Johannes Kepler ist ein leuchtendes Vorbild für verantwortungsvolle, der Wahrheit und Ethik verpflichtete Forschung, abhold jeglichem Dogmatismus. Neben dem genialen Forscher verdient daher auch der sein ganzes Leben lang nach religiöser Toleranz und friedlichem Zusammenleben strebende Mensch Kepler besondere Beachtung.

 

Die historische wie auch die aktuelle Bedeutung Johannes Keplers für die Astronomie und Raumfahrt lässt sich kaum überschätzen.
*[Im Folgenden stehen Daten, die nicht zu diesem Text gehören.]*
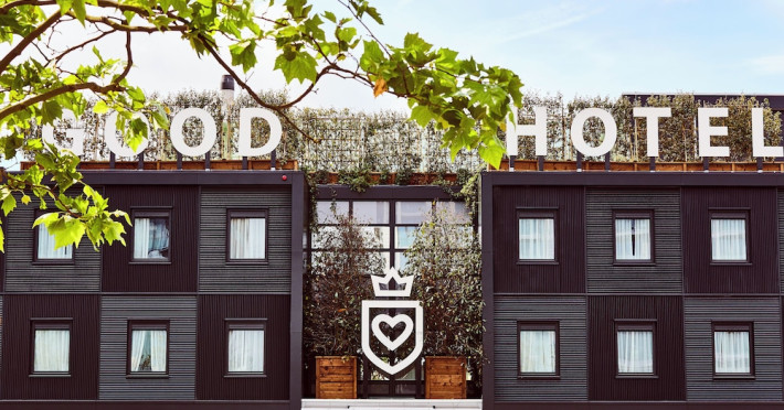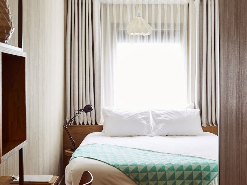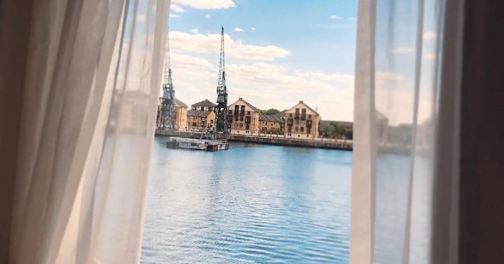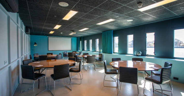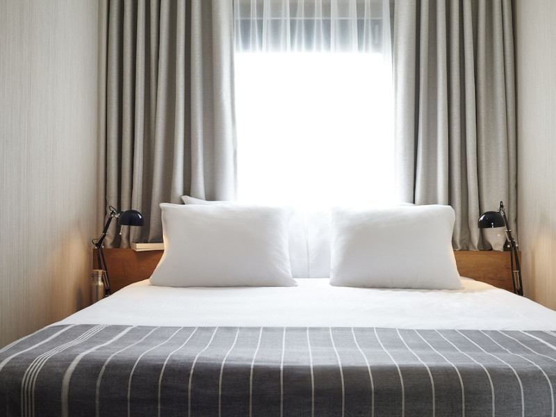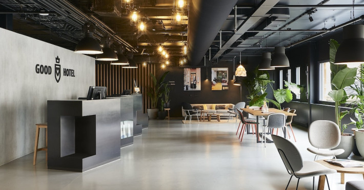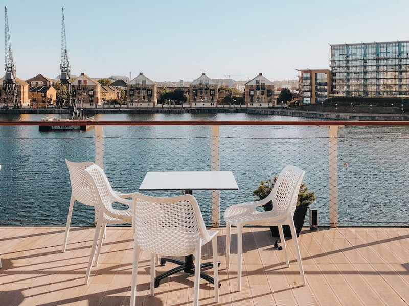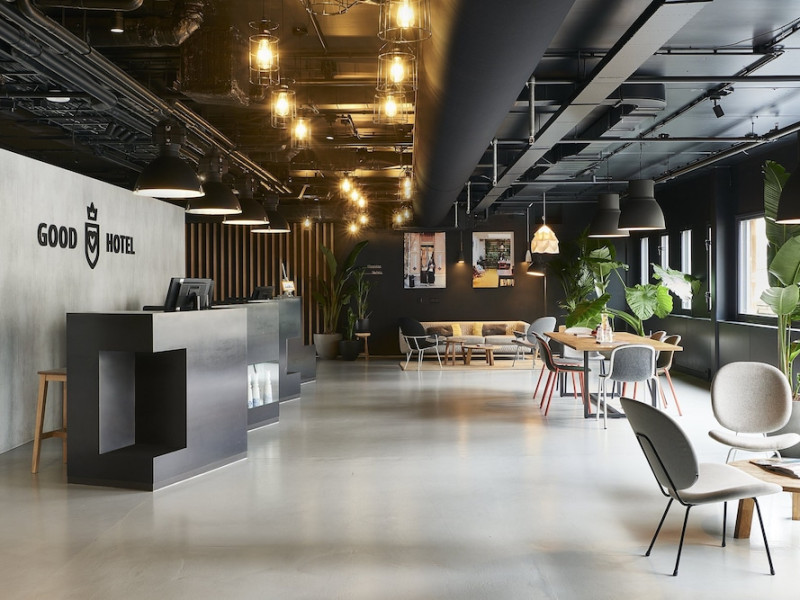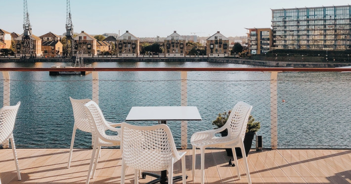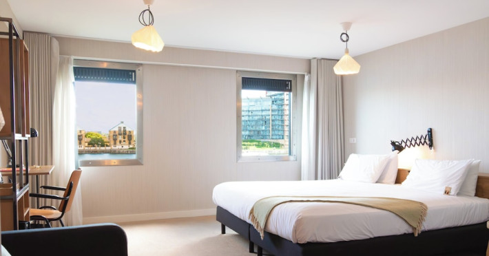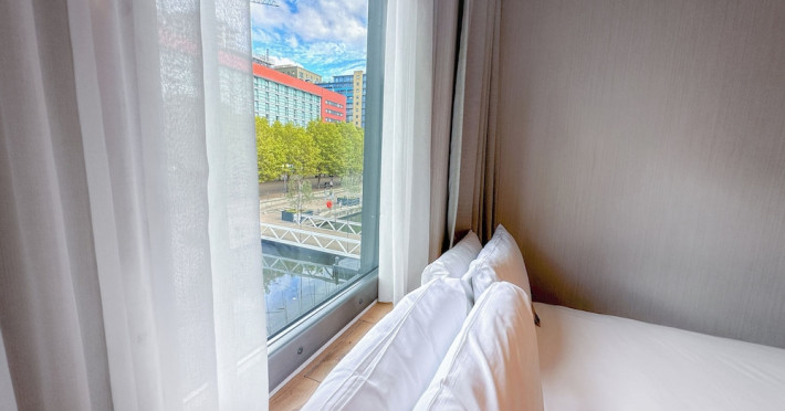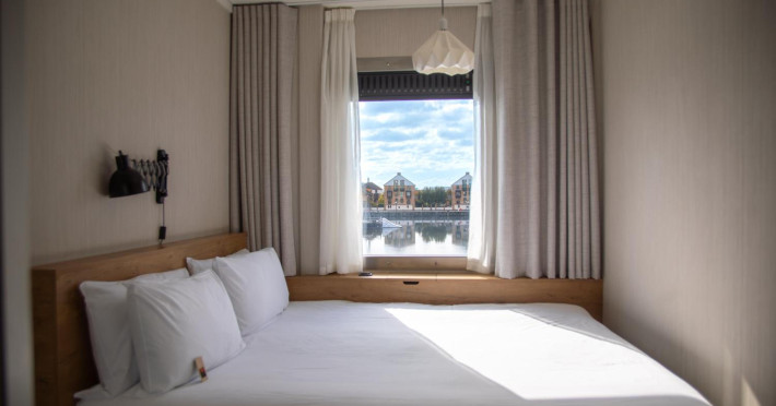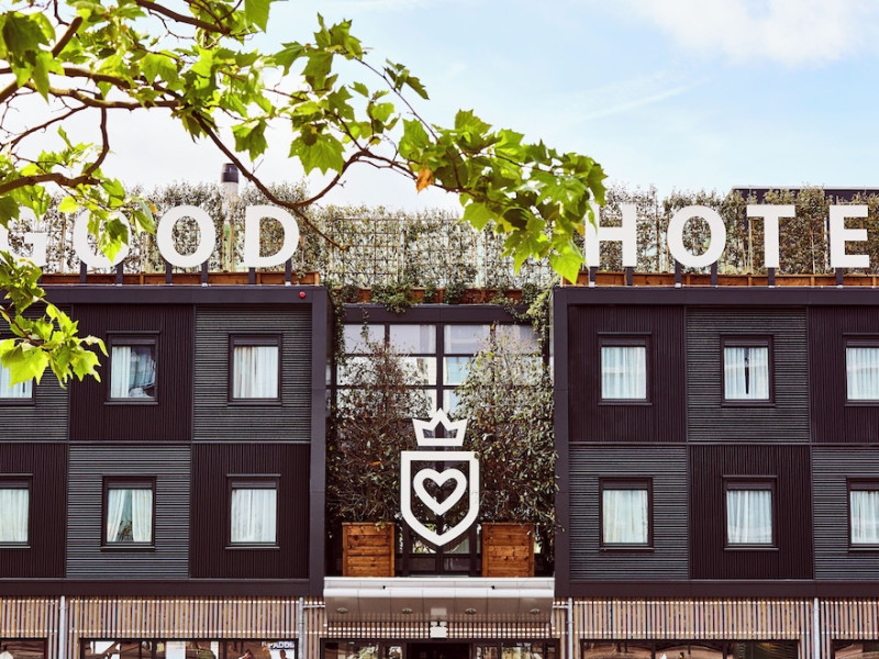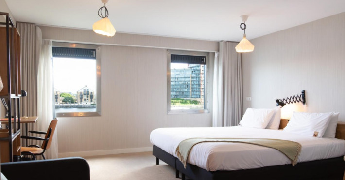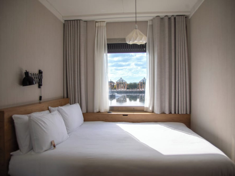 Good Hotel London is a unique, floating hotel on the Royal Victoria Docks, offering stunning views of the River Thames and the London skyline. Located near City Hall, ExCeL London, London City Airport, the O2 Arena, Stratford London Stadium, and Canary Wharf, it provides easy access to central London via the Elizabeth Line and DLR. The hotel features a rooftop terrace, a living room, and minimalist design throughout. Amenities include complimentary Wi-Fi, concierge services, a snack bar/deli, two bars/lounges, and a restaurant (The Living Room). A buffet breakfast is served daily (weekdays 7:00 AM-10:30 AM, weekends 7:30 AM-10:30 AM, fee applies). Other amenities include dry cleaning/laundry services, a 24-hour front desk, multilingual staff, conference space, and nine meeting rooms. Rooms are air-conditioned and include private bathrooms with showers, complimentary toiletries, hair dryers, safes, desks, and daily housekeeping. Note that TVs are not currently available in rooms. The minimum age for check-in is 18. Good Hotel is a social business; profits support training programs for the long-term unemployed in London and education for disadvantaged children in Guatemala. The hotel is approximately 0.5 km from ExCeL London and 3.5 km from London City Airport. The Good Hotel London is a hotel.
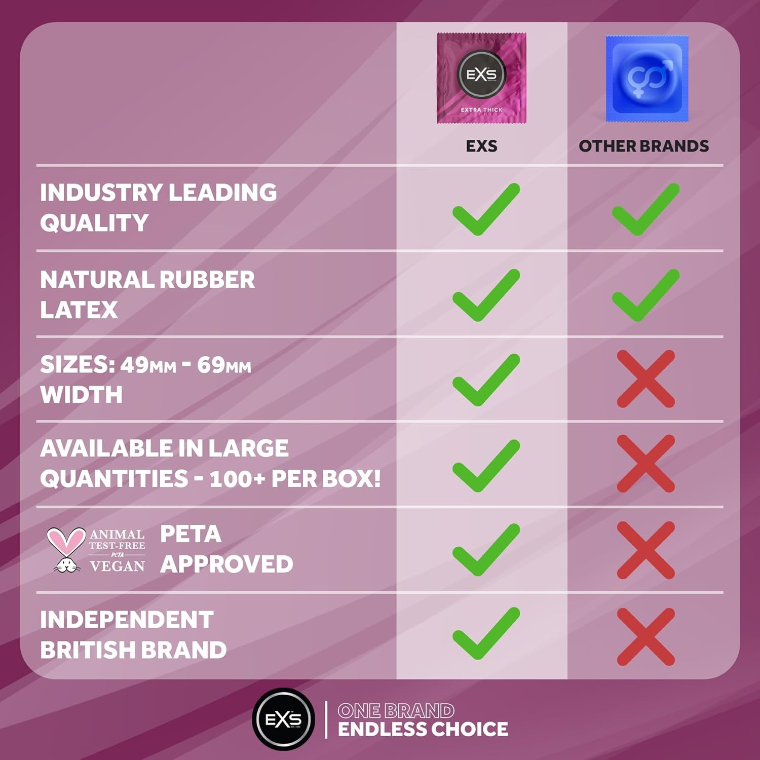 EXS condooms zijn vegan, hebben geen latexgeur en bieden een natuurlijk veilig gevoel. Geproduceerd naar internationale standaards, elektronisch getest en alle producten dragen naast het bekende CE merk ook het Britse Kitemark.
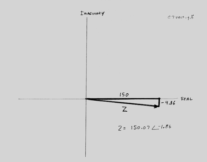 In our example, the magnitude is 150.07 and the angle is -1.86. If we write Z in polar form, it is then 150.07<-1.86.
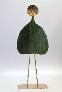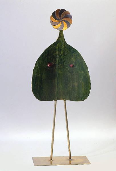 Figura femminile stilizzata con corpo tinto di verde e capezzoli evidenziati, resi con due bulloni. La testa è costituita da un elemento decorativo a forma di girandola (in origine era una maniglia). Poggia su base a lastra rettangolare.
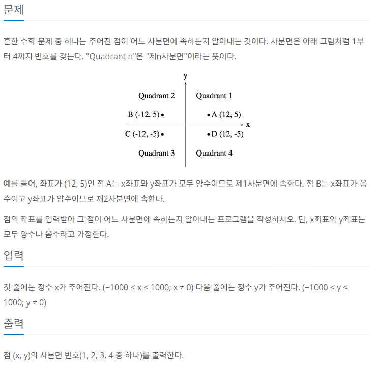 풀이x 좌표가 양수인지 음수인지 확인y 좌표가 양수인지 음수인지 확인해당하는 사분면 출력x = int(input())y = int(input())if x > 0 : if y > 0 : print(1) else: print(4)else: if y > 0: print(2) else: print(3)

So führt zum Beispiel die amerikanische Weltraumorganisation NASA in diesen Jahren ein großes Weltraum-Forschungsprojekt durch mit dem Titel (in Deutsch):  „Kepler Mission - Die Suche nach erdähnlichen Planeten“. Dabei wird unmittelbar auf den Erkenntnissen des großen Astronomen aufgebaut.

 

Mehr dazu unter www.kepler-portal.de und dort weiter zum NASA-Projekt „Kepler-Mission: A Search for Habitable Planets“.

 

Es ist daher an der Zeit, Johannes Kepler auch im eigenen Land so zu würdigen, wie es etwa Keplers Zeitgenosse und Kollege Galileo Galilei in Italien seit langem erfährt.

 

 

Weil der Stadt, 22. November 2006

 

 

 

Prof. Dr. Manfred Fischer

Vorsitzender der Kepler-Gesellschaft e.V.